#### What to work on:
Everything from the line containing "Black Aquarium 12" to the last line of the material below must be retyped exactly, both ends included; skip the pictures.

#### Dataset excerpt:

----

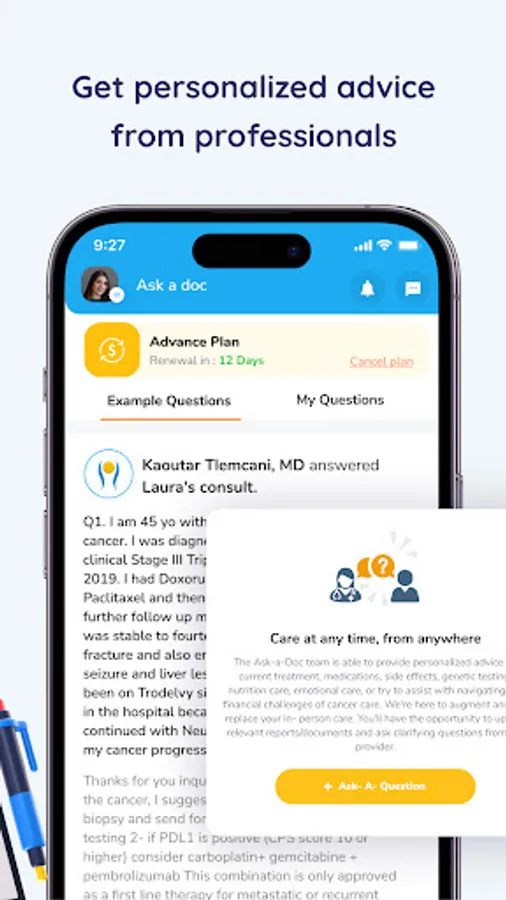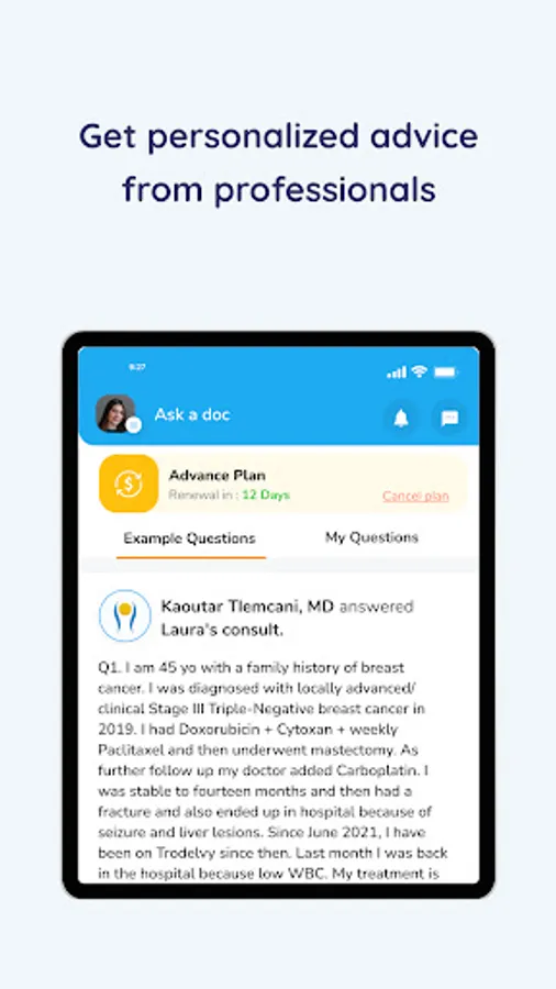 • Ask-a-Doc allows for private, personal questions to be asked to healthcare professionals (in-app subscription service, cheaper than a copay and unlimited questions)
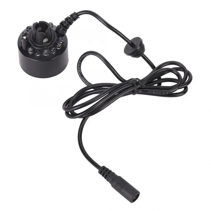 Black Aquarium 12 LED Light Ultrasonic Mist Maker Atomizer Water Fountain Pond Indoor Outdoor Fish Tank Supplies Accessory
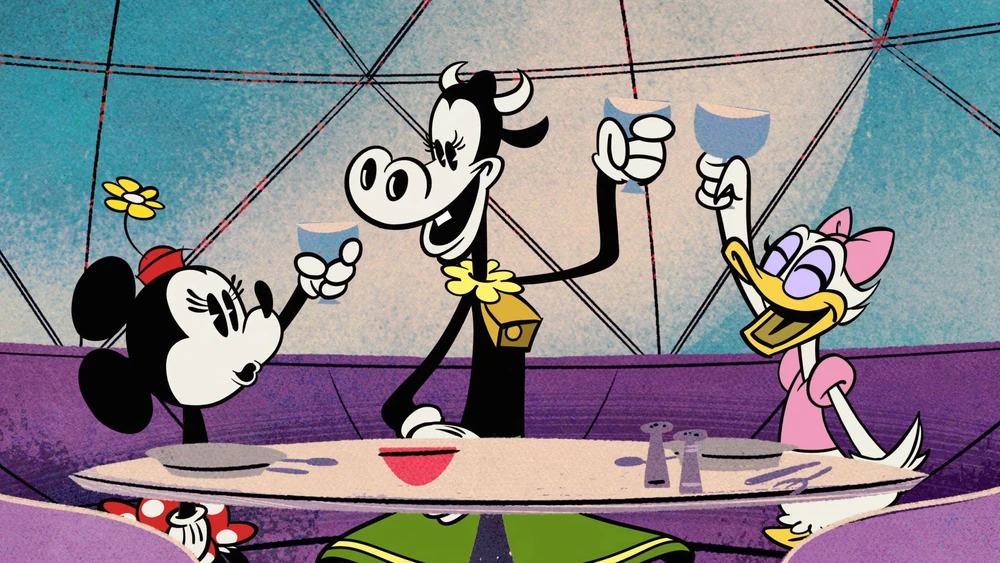 Minnie, Daisy, and Clarabelle fall into the now vacant restaurant. The three girls excitedly clink glasses in celebration.
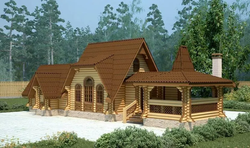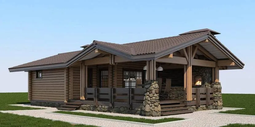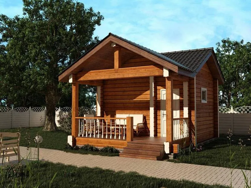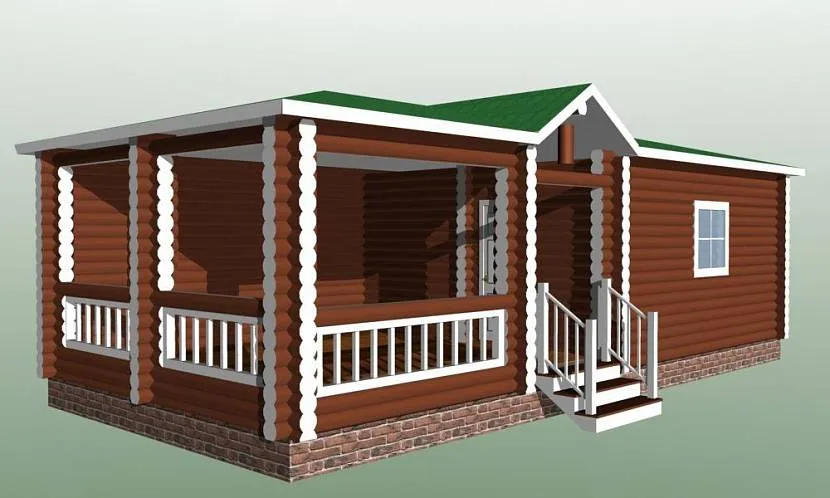 Типовой проект бани из оцилиндрованного бревна: просторная веранда и небольшое крыльцоИсточник nasha-besedka.ru

----

#### Task solution:
 Black Aquarium 12 LED Light Ultrasonic Mist Maker Atomizer Water Fountain Pond Indoor Outdoor Fish Tank Supplies Accessory
 Minnie, Daisy, and Clarabelle fall into the now vacant restaurant. The three girls excitedly clink glasses in celebration.
 Типовой проект бани из оцилиндрованного бревна: просторная веранда и небольшое крыльцоИсточник nasha-besedka.ru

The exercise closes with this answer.